Backbone protons in proteins and peptides have a chemical shift that is partially dependent on local secondary structure. Although the observed chemical shift for protons in well-folded protein systems can be distorted by the contribution of higher-level structuring features, such as the ordering of sequence-remote, aromatic sidechains in the vicinity of the backbone, chemicals shifts can be a powerful tool for determining the degree of secondary-structure formation in shorter sequences. The chemical shift in such systems is the sum of the random-coil chemical shift (the shift expected in the absence of non-random secondary structure) and the deviation caused by secondary structure formation. In order to determine an accurate chemical shift deviation (CSD) it is vital to start with a random-coil value that is matched to the conditions under which the chemical shift was observed. For example, temperature, (co)solvents, pH, and neighboring residues all play a part in changing a proton's random-coil shift. The chemical shift deviation database (CSDb) allows for the rapid application of tedious random-coil correction methodologies to chemical shift data. The calculations that determine these effects are discussed in more detail in the section called CSD Calculations.
This help file covers specific problems as well as describes the overall process of entering NMR chemical shift data. One may read the help page in its entirety for a general outline on how to use the database, or just start using the database and click on the help links throughout the site which reference specific portions of this page. Unalterable example data is accessible from all accounts under the owner name 'Andersen' and is available to help familiarize yourself with the database. Please note that the CSDb is still being refined and minor glitches in the user interface may still exist. Any suggestions, comments, or questions are welcome.
- Jasper C. Lin: jclin at u dot washington dot edu
- Niels H. Andersen: andersen at chem dot washington dot edu
Four CSD calculation methods are available for processing entered chemical shifts. The oldest method, v.2002, is an update of an earlier method (Andersen, 1997); the primary modification came with the application of nearest-neighbor effects. The v.2002 method includes corrections for serine, threonine, histidine, leucine, and aromatic residues preceding or following a given residue.
In 2003, the CSD algorithm was further updated and divided into two separate methods, yielding the v.2003S and v.2003X methods.
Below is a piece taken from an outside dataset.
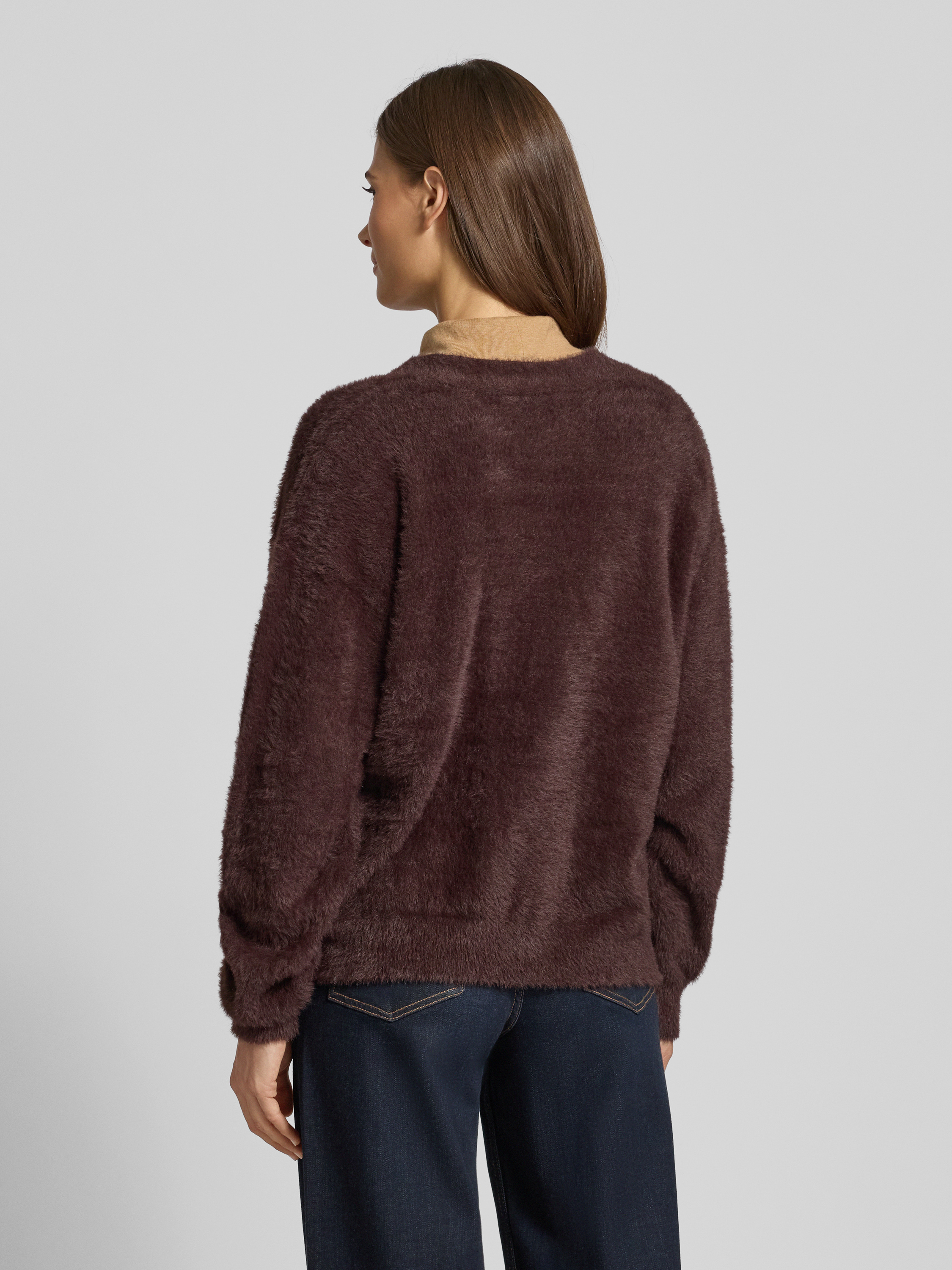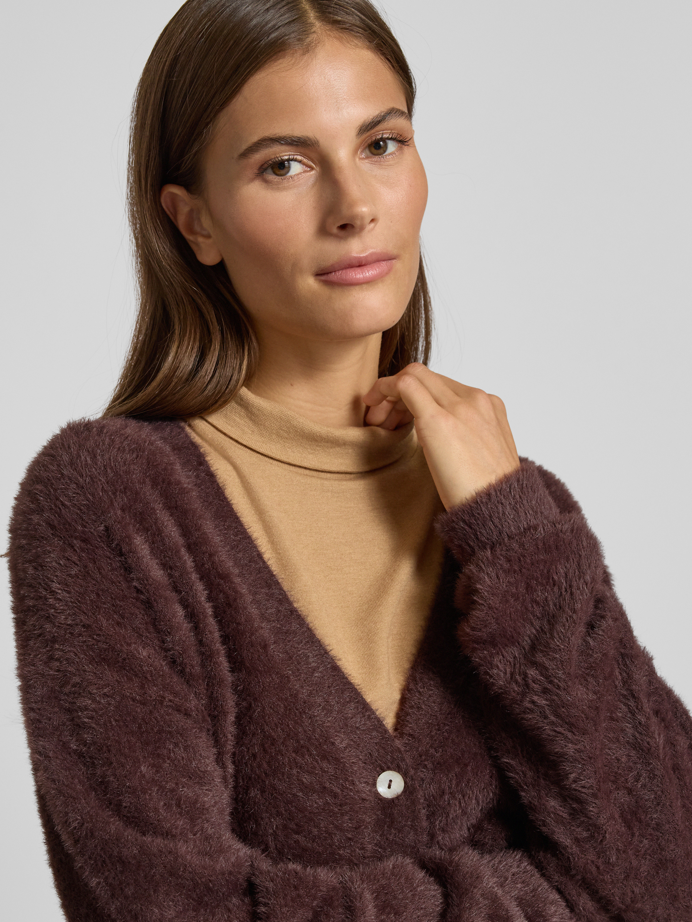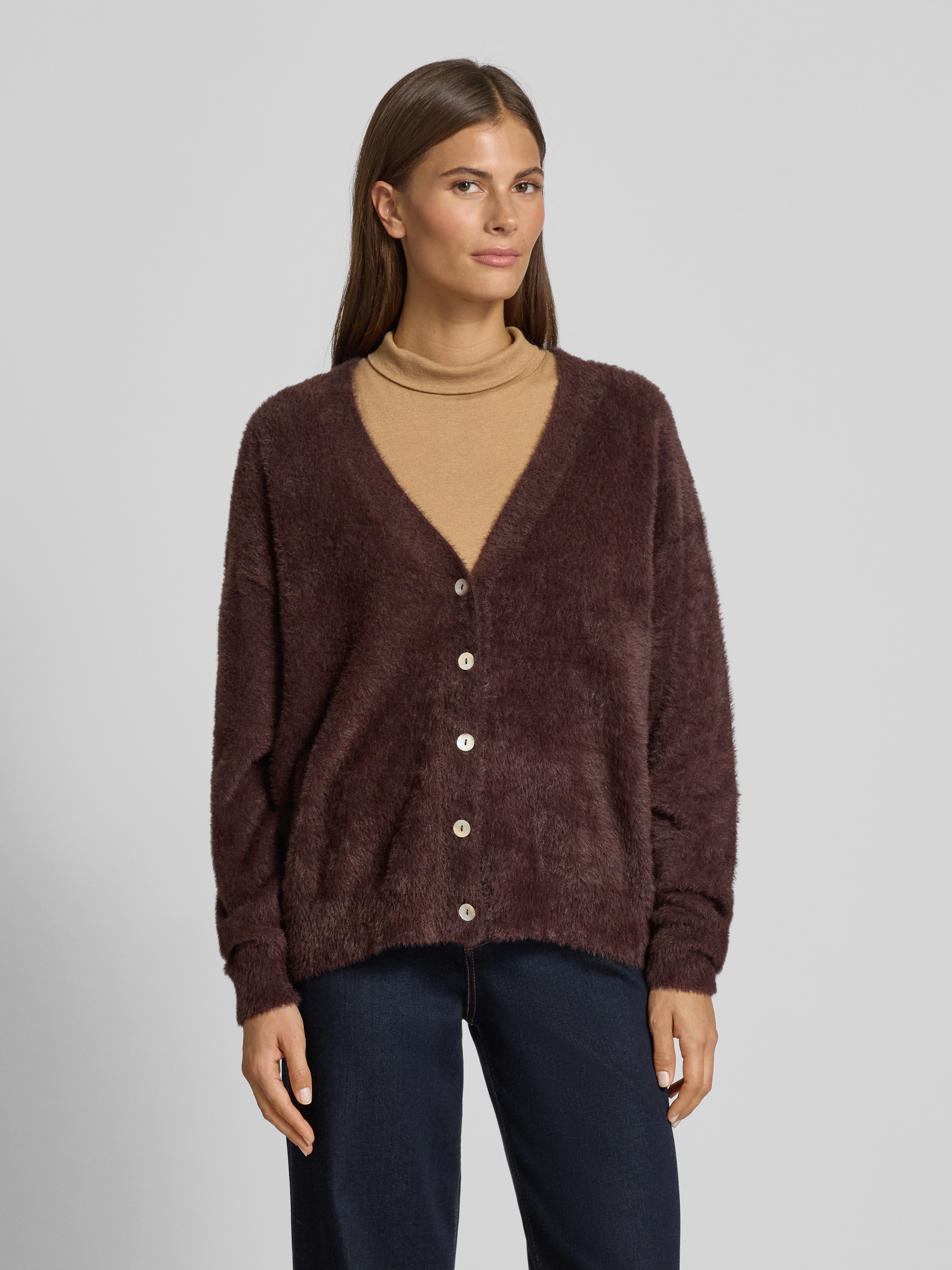 Kurtka z dzianiny z dekoltem w serek model ‘BRULA’ - ciemnobrązowy

Updates include a mild temperature gradient for reference HA values, additional fragmentation of the solvent-correction terms to recognize that different amounts of cosolvent addition require different correction values, and addition of lysine and arginine as residues that affect the reference shifts of neighbors. The two 2003 methods differ in the magnitude of HN, and to a lesser extent HA, temperature and solvent corrections: v.2003S is calibrated for solvent-sequestered residues, while v.2003X is calibrated for solvent-exposed positions. The need for having two different sets of correction values became apparent in our work with beta-hairpin peptides. The strands of these peptides, when folded, include residues with HA and HN protons that are alternately inwardly- and outwardly-directed, corresponding to "sequestered" and "exposed" positions respectively. The exposed positions require a steeper temperature gradient correction for the HN's. Failure to apply the reduced gradient for sequestered HN positions with large positive CSD's under-estimates the %-fold of the system at temperatures lower than 295K, over-estimating at temperatures greater than 300K. The direction of the error in folding estimates for sequestered HN sites that display negative structuring CSDs (e.g. at turn loci) is reversed. Application of the more shallow sequestered-position gradient to exposed sites results in "apparent CSD's" crossing through zero over a temperature range. The v.2003S method is most appropriately used only for solvent-sequestered positions of systems >60% folded throughout the temperature range examined. The v.2003X method can be employed for solvent-exposed positions independent of the extent of folding and for all positions in systems <30% folded. The 30%- to 60%-folded regime must be treated carefully as the temperature correction that should be applied to the reference values actually changes significantly during the course of melting experiments.
The separation of the CSD algorithm into two separate methods made calculation of CSD's for beta systems tedious. With CSDb2, the ability to tag a specific shift as "sequestered" was added and the algorithms 2003S and 2003X were combined to make v.2005. No additional changes were made to the calculation of HN and HA CSD's. Method v.2005 is, however, the first to include the ability to calculate CSD's of sidechain protons. The algorithm is less complex than those employed for HA and HN: a random-coil shift is simply subtracted from the observed shift. No temperature, pH, solvent, etc. corrections have yet been devised.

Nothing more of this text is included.